Close behind is doing too much too soon. A service catalog, a custom UI, self-service for every conceivable resource, all planned up front. Six months later there’s a impressive demo and nothing in production.
Then there’s picking the wrong altitude. Go too low and the platform is Kubernetes with extra steps, so why bother. Go too high and there’s no escape hatch the day someone hits a case the abstraction never anticipated, which they always will.
And the quiet killer: no migration path. The platform only works for greenfield, your existing services can’t move onto it, and now you run two systems forever. That last one has sunk more platform efforts than any technical mistake.
Start With Problems, Not a Solution
This is the part people skip, and it’s the part that decides everything. Before you write a single template, go find out where the pain actually is.
Where do developers lose time? Waiting on infrastructure requests, copy-pasting the same boilerplate config, debugging deployments that fail for reasons nobody documented, hunting down production access. What do they keep asking for? Your ticketing system knows. Your Slack channels know. And, revolutionary idea, you can ask them.

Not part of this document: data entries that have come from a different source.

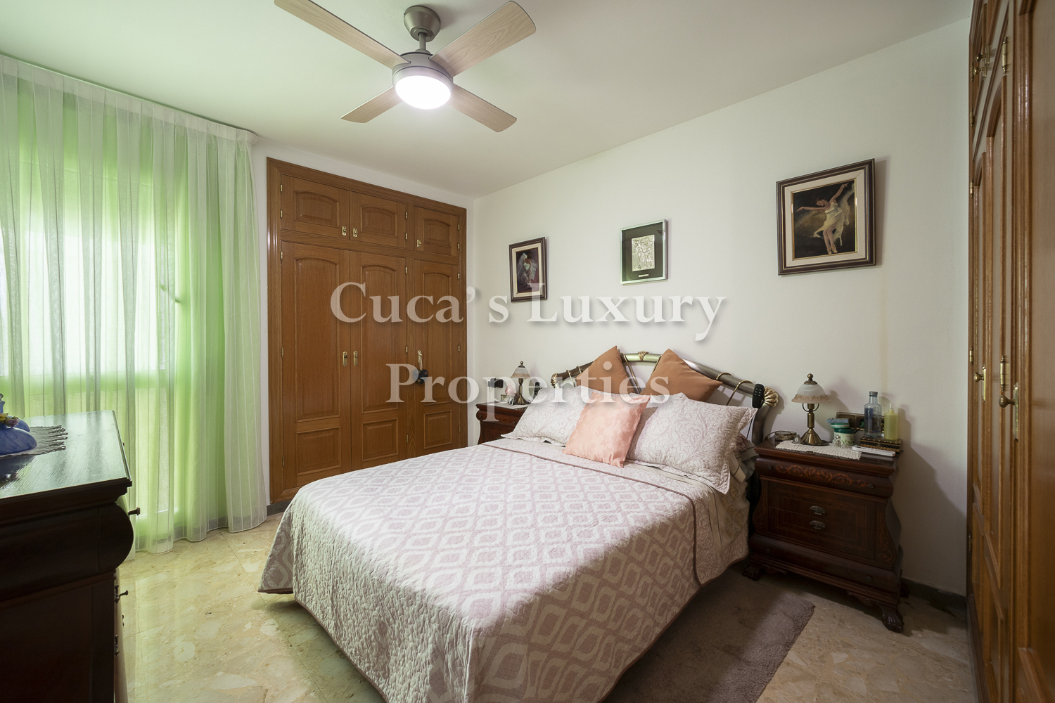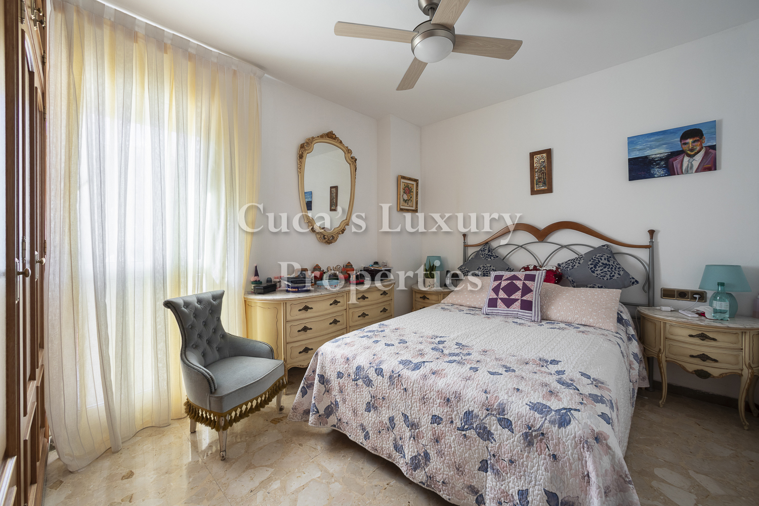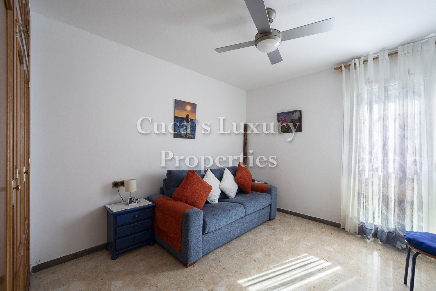 De estancias muy amplias, toda exterior y muy soleada por ser orientación suroeste, con muchos armarios y con gran capacidad de almacenamiento y muy independiente.
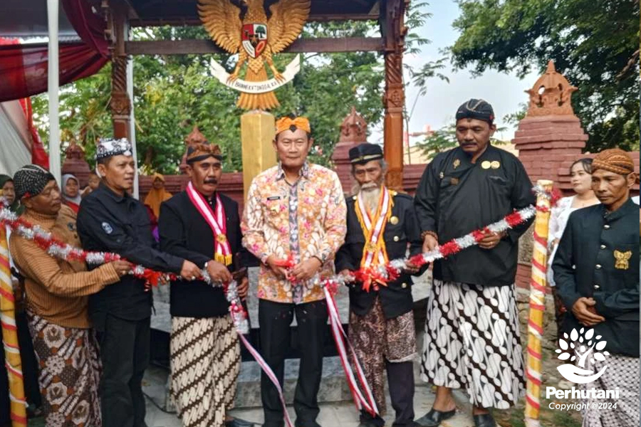MOJOKERTO, PERHUTANI (17/08/2024) | Perhutani Kesatuan Pemangkuan Hutan (KPH) Mojokerto bersama Pemerintah Kabupaten Lamongan dan Paguyuban Budaya (PB) Wilwatika turut mangayu bagyo menyambut perpindahan Ibu kota Jakarta ke Kota Nusantara (IKN), Kalimantan Timur, dengan menggelar upacara adat dan doa umat beragama serta penghayat kepercayaan di lokasi situs makam Nyai Andongsari, wilayah hutan Petak 27 G, Resort Pemangkuan Hutan (RPH) Blawi, Bagian Kesatuan Pemangkuan Hutan (BKPH) Ngimbang, masuk Hutan Lindung Gunung Ratu, pada Jumat (16/08).
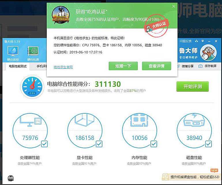 鲁大师的整机测试可以给玩家最直接的性能判断,iGame Sigma M500获得了311130的总分,鲁大师评价为能够流畅运行大型游戏和各种发烧娱乐。
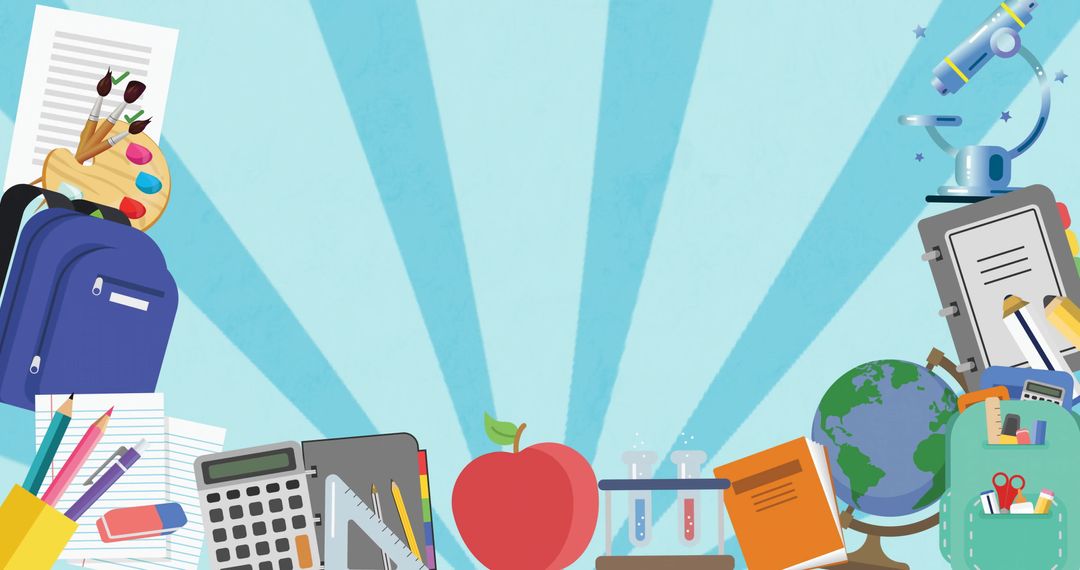 Colorful illustration depicts variety of school supplies like apple, backpack, calculator, books, globe, microscope. Shows back to school, educational themes. Useful for educational posters, school newsletters, teachers aids, kids activity books.
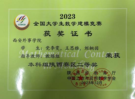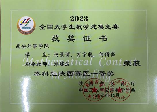 9月,公司师生参加了全国老员工数学建模竞赛,经过参赛师生的共同努力,荣获了省级一等奖1项,二等奖11项。
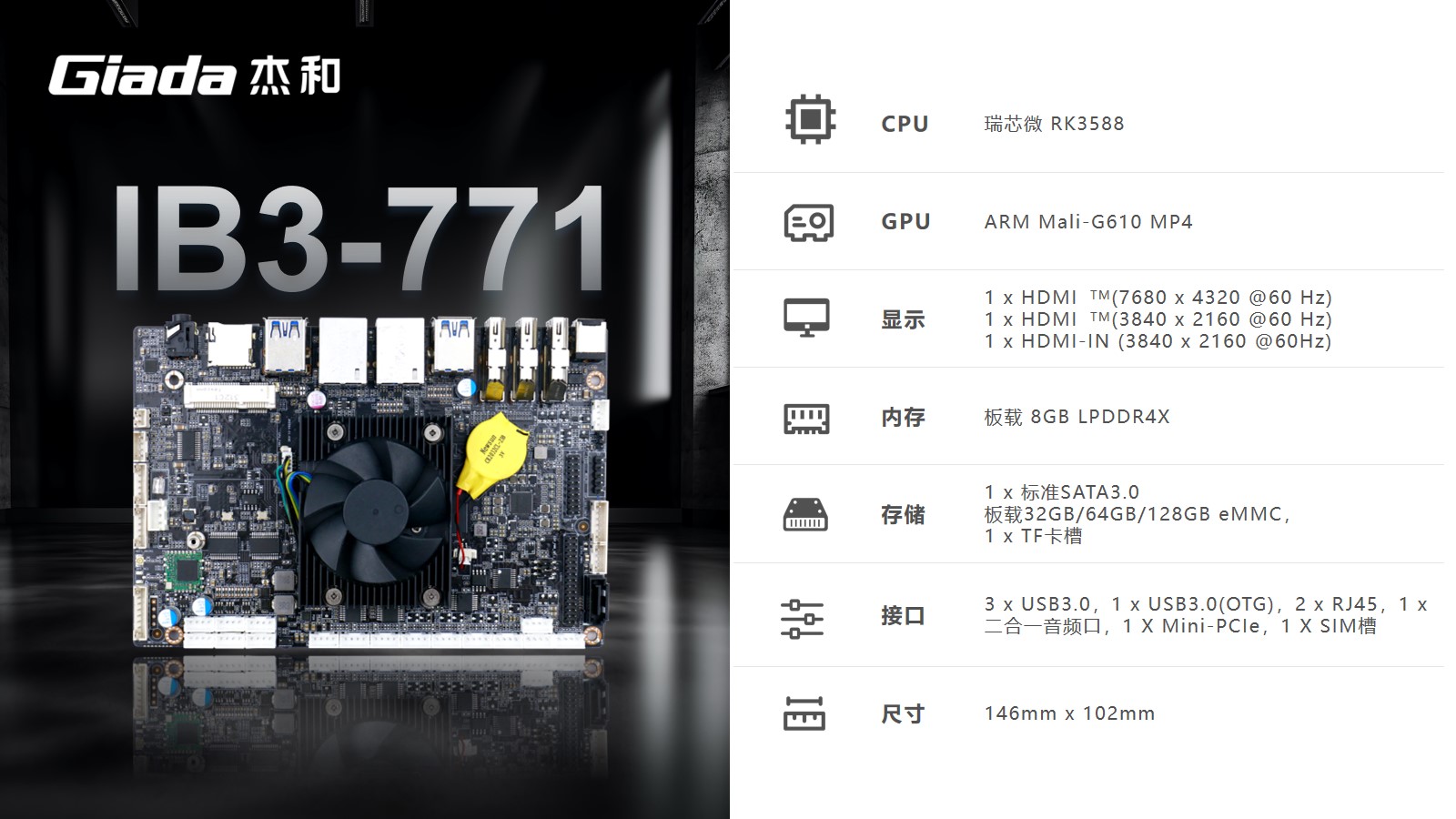 球王会·(体育)工业级ARM主板IB3-771采用瑞芯微RK3588处理器,内置G610 MP4 GPU,拥有6 TOPS算力的NPU,支持8K视频硬件解码编码及多摄像头输入,支持eDP/DP/ HDMI2.1/MIPI 多种显示接口。

Then look at where incidents come from. Misconfigured services, missing network policies, resource limits nobody set. Those are the things your platform should automate away first, because automating them pays for itself in fewer 3am pages.
The answers point straight at what to build. If you build anything before you have them, you’re guessing.
The Simplest Useful Platform
Here’s the minimum that’s worth deploying. Three pieces, all built from tools you already run.
Golden paths
Opinionated templates that bake in the right defaults so nobody has to remember them.
# service-template/
├── deployment.yaml # Standard deployment pattern
├── service.yaml # Service with sensible defaults
├── networkpolicy.yaml # Security by default
├── servicemonitor.yaml # Automatic monitoring
└── values.yaml # Customization points
A developer gets a working, monitored, network-policied service out of the box and only touches the values that make their service different. The good defaults are the path of least resistance, which is exactly where you want them.
Self-service deployment
Push code, get a deployment. No ticket, no waiting on someone in another timezone.
With GitOps:
# Application definition in Git
apiVersion: argoproj.io/v1alpha1
kind: Application
metadata:
name: my-service
namespace: argocd
spec:
source:
repoURL: https://gitlab.internal/my-service
path: deploy
targetRevision: main
destination:
server: https://kubernetes.default.svc
namespace: my-service
syncPolicy:
automated:
prune: true
selfHeal: true
Merge to main, ArgoCD picks it up, the service ships. You don’t need a fancy portal for this to feel like self-service. Git is the interface.
Guardrails
The flip side of self-service is that people will deploy things that hurt them. Kyverno policies catch the obvious mistakes before they land:
# Require resource limits
apiVersion: kyverno.io/v1
kind: ClusterPolicy
metadata:
name: require-limits
spec:
validationFailureAction: Enforce
rules:
- name: require-limits
match:
resources:
kinds:
- Pod
validate:
message: "CPU and memory limits are required"
pattern:
spec:
containers:
- resources:
limits:
cpu: "?*"
memory: "?*"
A pod without limits never makes it into the cluster. Nobody has to remember the rule because the platform won’t let them forget it.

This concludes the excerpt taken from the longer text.